TASK DIRECTIONS :: Please write out the listing exactly, leaving each picture out.
'''
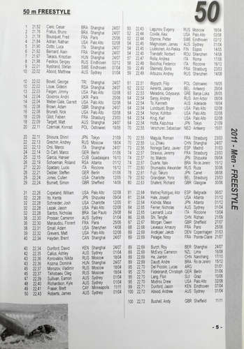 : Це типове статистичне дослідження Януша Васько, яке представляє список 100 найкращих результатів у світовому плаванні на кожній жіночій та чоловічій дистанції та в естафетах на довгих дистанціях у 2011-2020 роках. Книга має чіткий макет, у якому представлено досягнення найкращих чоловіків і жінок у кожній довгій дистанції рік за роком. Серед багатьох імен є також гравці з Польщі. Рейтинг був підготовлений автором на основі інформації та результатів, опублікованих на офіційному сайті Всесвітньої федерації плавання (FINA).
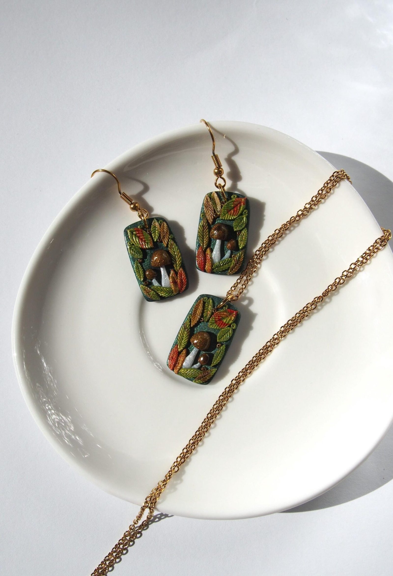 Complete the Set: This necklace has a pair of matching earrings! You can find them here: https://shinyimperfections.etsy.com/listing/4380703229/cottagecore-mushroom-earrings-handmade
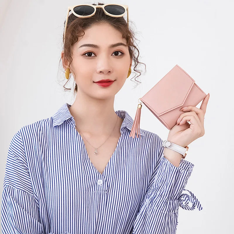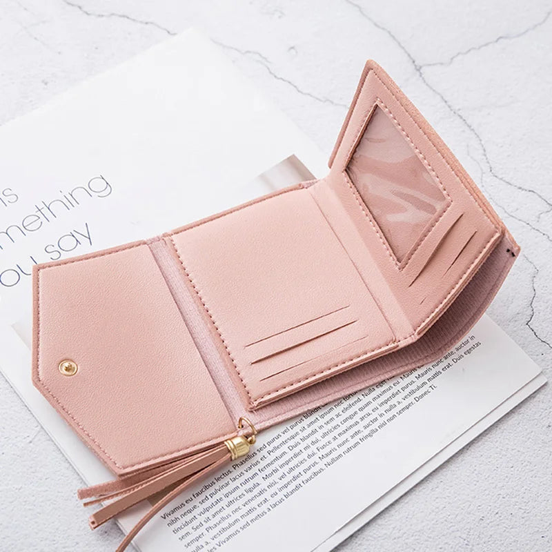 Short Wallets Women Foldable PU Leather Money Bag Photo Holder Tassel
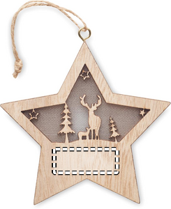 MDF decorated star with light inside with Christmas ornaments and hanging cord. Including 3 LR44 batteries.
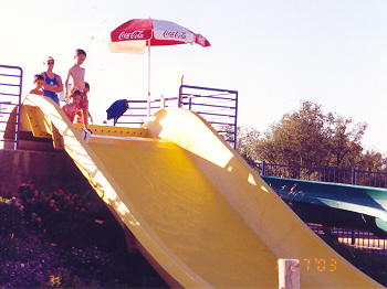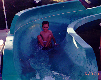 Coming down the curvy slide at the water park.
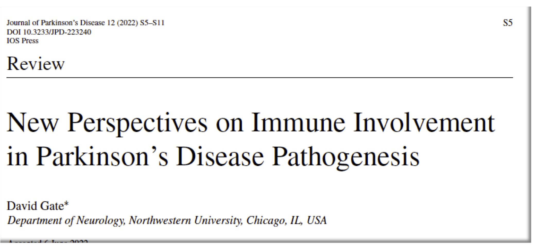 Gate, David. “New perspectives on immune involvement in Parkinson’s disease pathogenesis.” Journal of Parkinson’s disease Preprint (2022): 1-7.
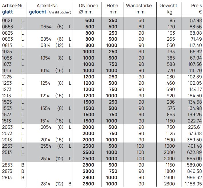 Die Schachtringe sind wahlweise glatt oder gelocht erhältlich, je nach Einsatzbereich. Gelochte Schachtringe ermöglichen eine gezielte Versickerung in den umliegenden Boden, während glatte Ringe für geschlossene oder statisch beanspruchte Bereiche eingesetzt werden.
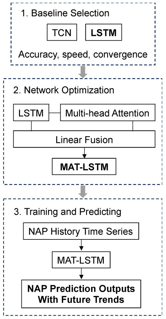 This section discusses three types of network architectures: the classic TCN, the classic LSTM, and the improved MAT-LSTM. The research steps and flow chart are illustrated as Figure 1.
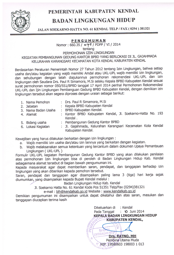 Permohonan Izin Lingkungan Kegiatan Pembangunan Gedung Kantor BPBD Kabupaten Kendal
'''
OUTPUT OF THE EXERCISE ::
 : Це типове статистичне дослідження Януша Васько, яке представляє список 100 найкращих результатів у світовому плаванні на кожній жіночій та чоловічій дистанції та в естафетах на довгих дистанціях у 2011-2020 роках. Книга має чіткий макет, у якому представлено досягнення найкращих чоловіків і жінок у кожній довгій дистанції рік за роком. Серед багатьох імен є також гравці з Польщі. Рейтинг був підготовлений автором на основі інформації та результатів, опублікованих на офіційному сайті Всесвітньої федерації плавання (FINA).
 Complete the Set: This necklace has a pair of matching earrings! You can find them here: https://shinyimperfections.etsy.com/listing/4380703229/cottagecore-mushroom-earrings-handmade
 Short Wallets Women Foldable PU Leather Money Bag Photo Holder Tassel
 MDF decorated star with light inside with Christmas ornaments and hanging cord. Including 3 LR44 batteries.
 Coming down the curvy slide at the water park.
 Gate, David. “New perspectives on immune involvement in Parkinson’s disease pathogenesis.” Journal of Parkinson’s disease Preprint (2022): 1-7.
 Die Schachtringe sind wahlweise glatt oder gelocht erhältlich, je nach Einsatzbereich. Gelochte Schachtringe ermöglichen eine gezielte Versickerung in den umliegenden Boden, während glatte Ringe für geschlossene oder statisch beanspruchte Bereiche eingesetzt werden.
 This section discusses three types of network architectures: the classic TCN, the classic LSTM, and the improved MAT-LSTM. The research steps and flow chart are illustrated as Figure 1.
 Permohonan Izin Lingkungan Kegiatan Pembangunan Gedung Kantor BPBD Kabupaten Kendal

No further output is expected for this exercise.